_Instructions for the task_:
Omit each picture as you copy the entries exactly.

Saved entries
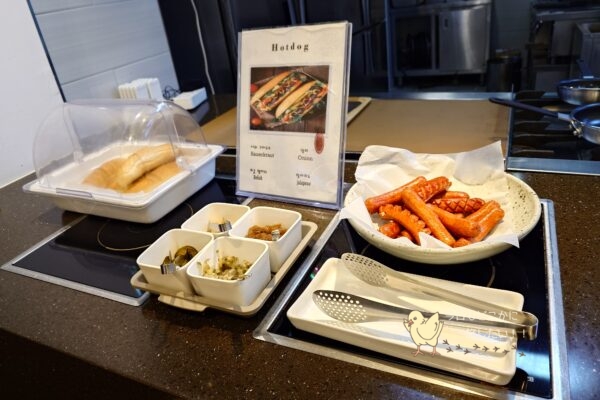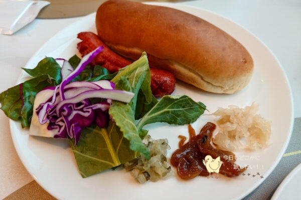 コッペパンはほんのり焼いて、ソーセージやオニオンやザワークラウト、サラダの刃物類などを具材に選んでみました。
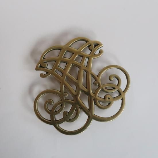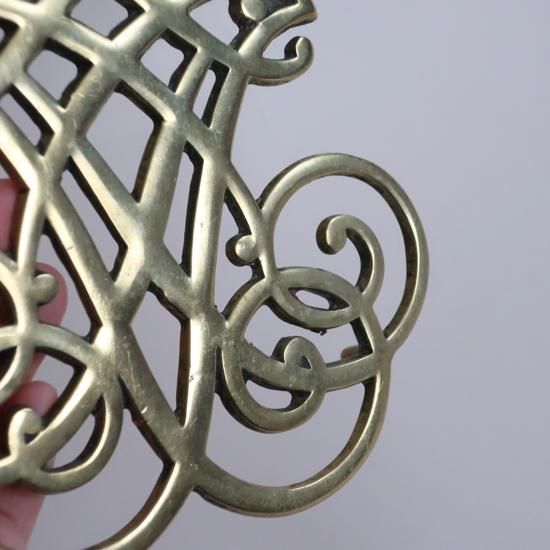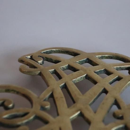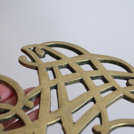 真鍮で出来ている鍋敷きで、くり抜きのデザインと脚付きなのが可愛らしいです。
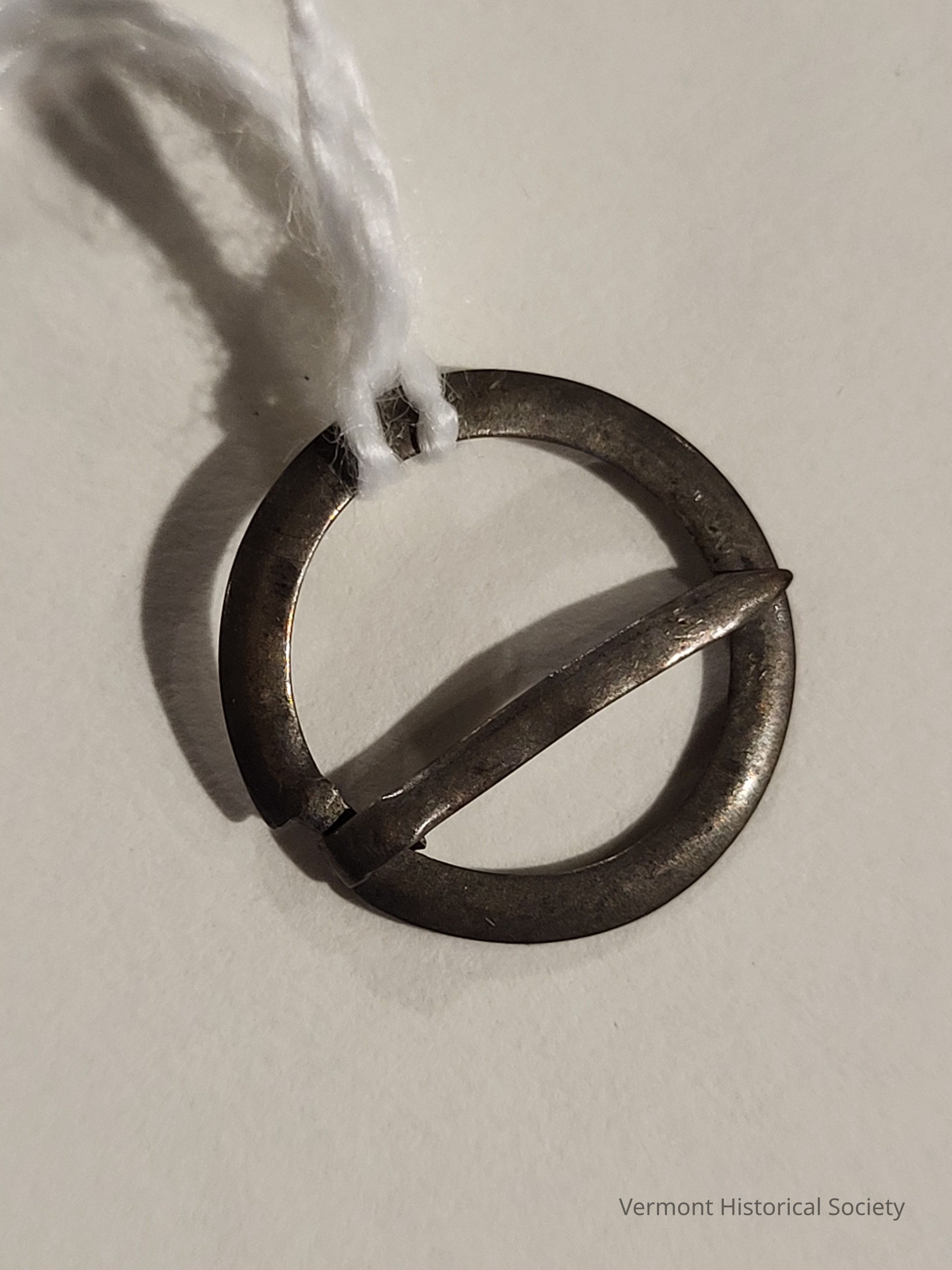 Small ring brooch. The brooch comprises a slightly curved metal ring with a notched section on one outer edge to secure a pin that has been wrapped around the thinned part.
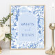 Póster Letrero Nupcial Chinoiserie Azul y Blanco Dulces y
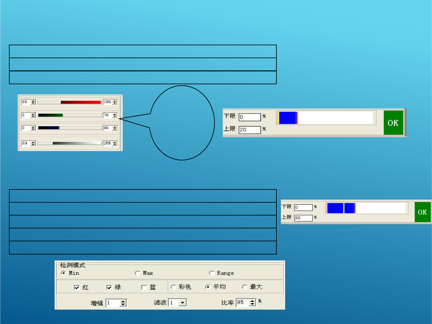 红色:0-85绿色:0-90蓝色:45-180亮度:0-200
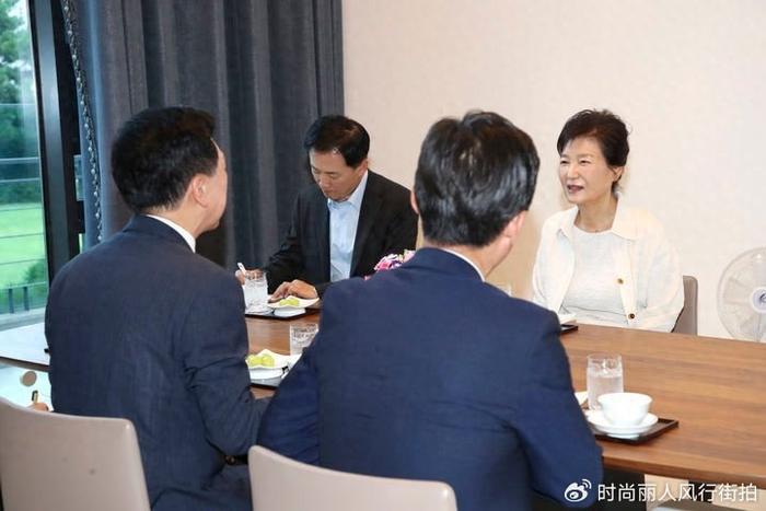 朴槿惠脸上竟然都没有什么皱纹,气色非常好。她当天一身白色的造型亮相,非常清新简约的路线。
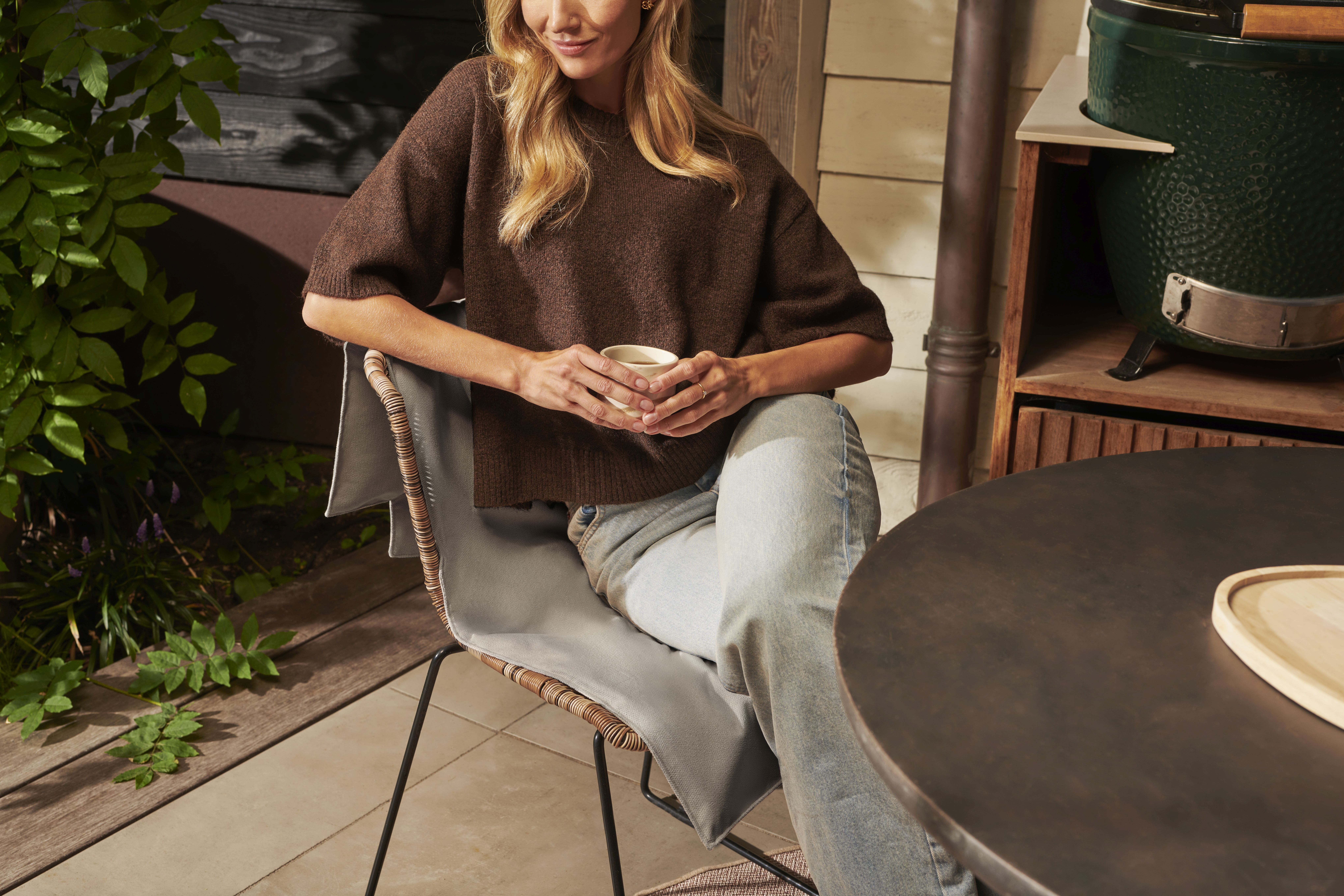 Pohodlí i venku. Mellow je díky vodoodpudivému potahu a bezdrátovému provozu ideální také pro venkovní použití. Ať už jste na chladném ránu v kempu nebo si užíváte večer na terase, zůstanete v teple bez ohledu na počasí.
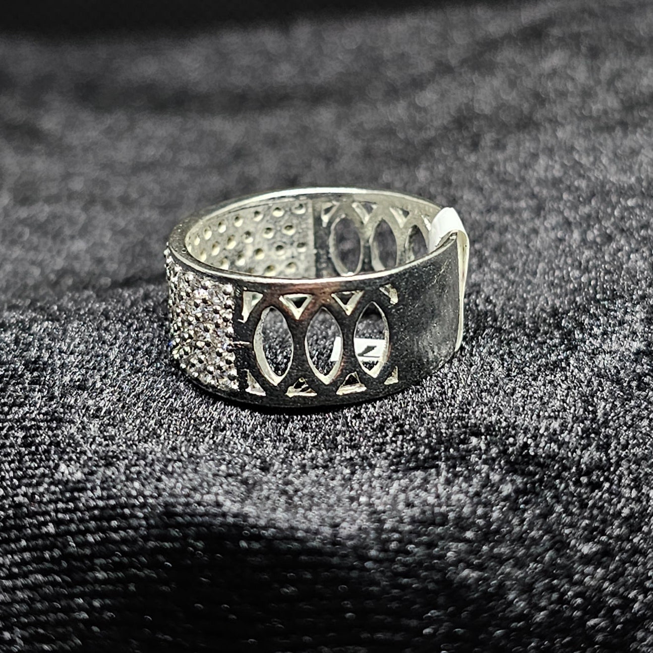 Iced Thick Band Silver Ring
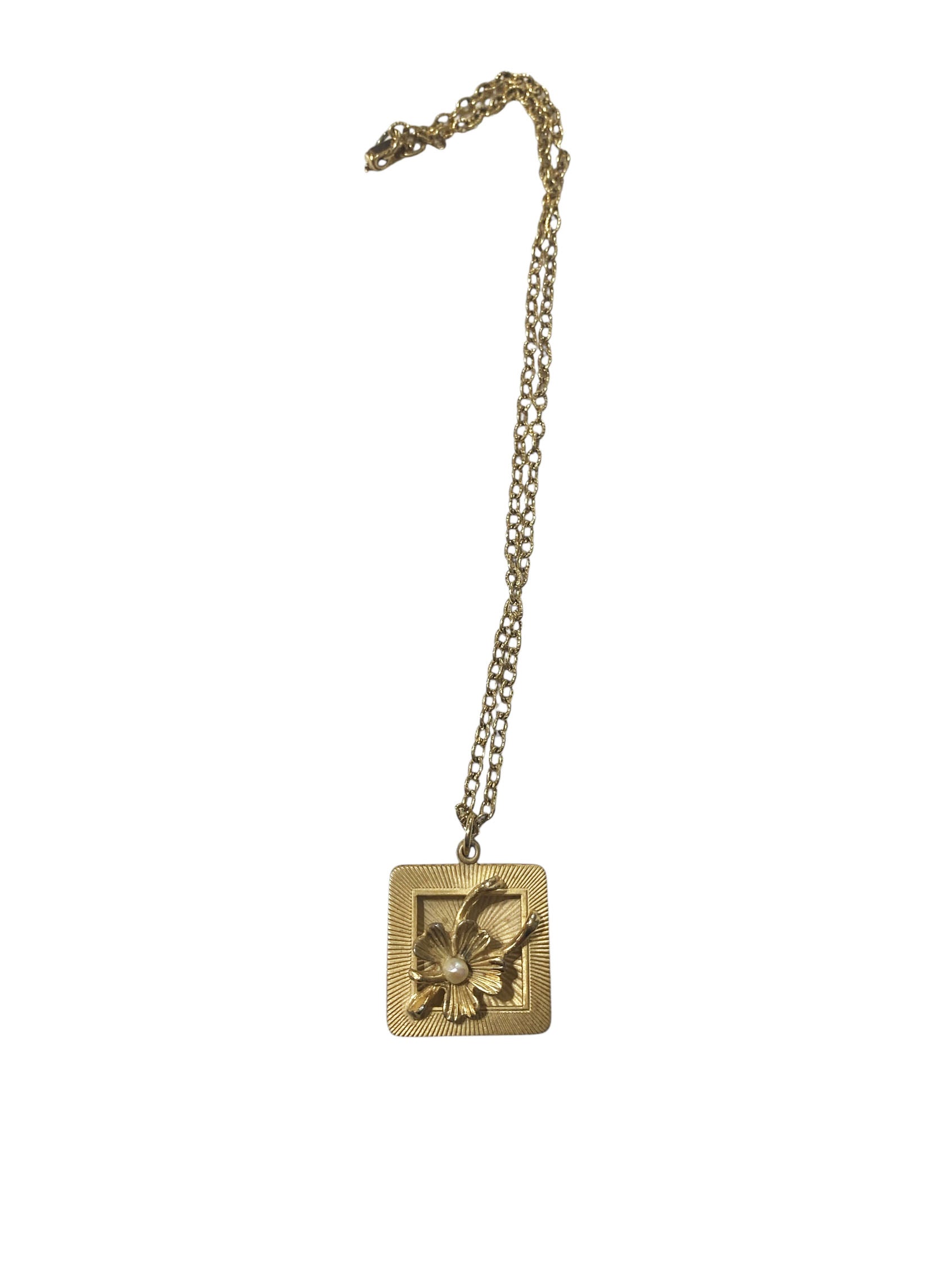 #88 Vintage Gold Tone Square Pendant and Chain With Flower

_Written response_:
 コッペパンはほんのり焼いて、ソーセージやオニオンやザワークラウト、サラダの刃物類などを具材に選んでみました。
 真鍮で出来ている鍋敷きで、くり抜きのデザインと脚付きなのが可愛らしいです。
 Small ring brooch. The brooch comprises a slightly curved metal ring with a notched section on one outer edge to secure a pin that has been wrapped around the thinned part.
 Póster Letrero Nupcial Chinoiserie Azul y Blanco Dulces y
 红色:0-85绿色:0-90蓝色:45-180亮度:0-200
 朴槿惠脸上竟然都没有什么皱纹,气色非常好。她当天一身白色的造型亮相,非常清新简约的路线。
 Pohodlí i venku. Mellow je díky vodoodpudivému potahu a bezdrátovému provozu ideální také pro venkovní použití. Ať už jste na chladném ránu v kempu nebo si užíváte večer na terase, zůstanete v teple bez ohledu na počasí.
 Iced Thick Band Silver Ring
 #88 Vintage Gold Tone Square Pendant and Chain With Flower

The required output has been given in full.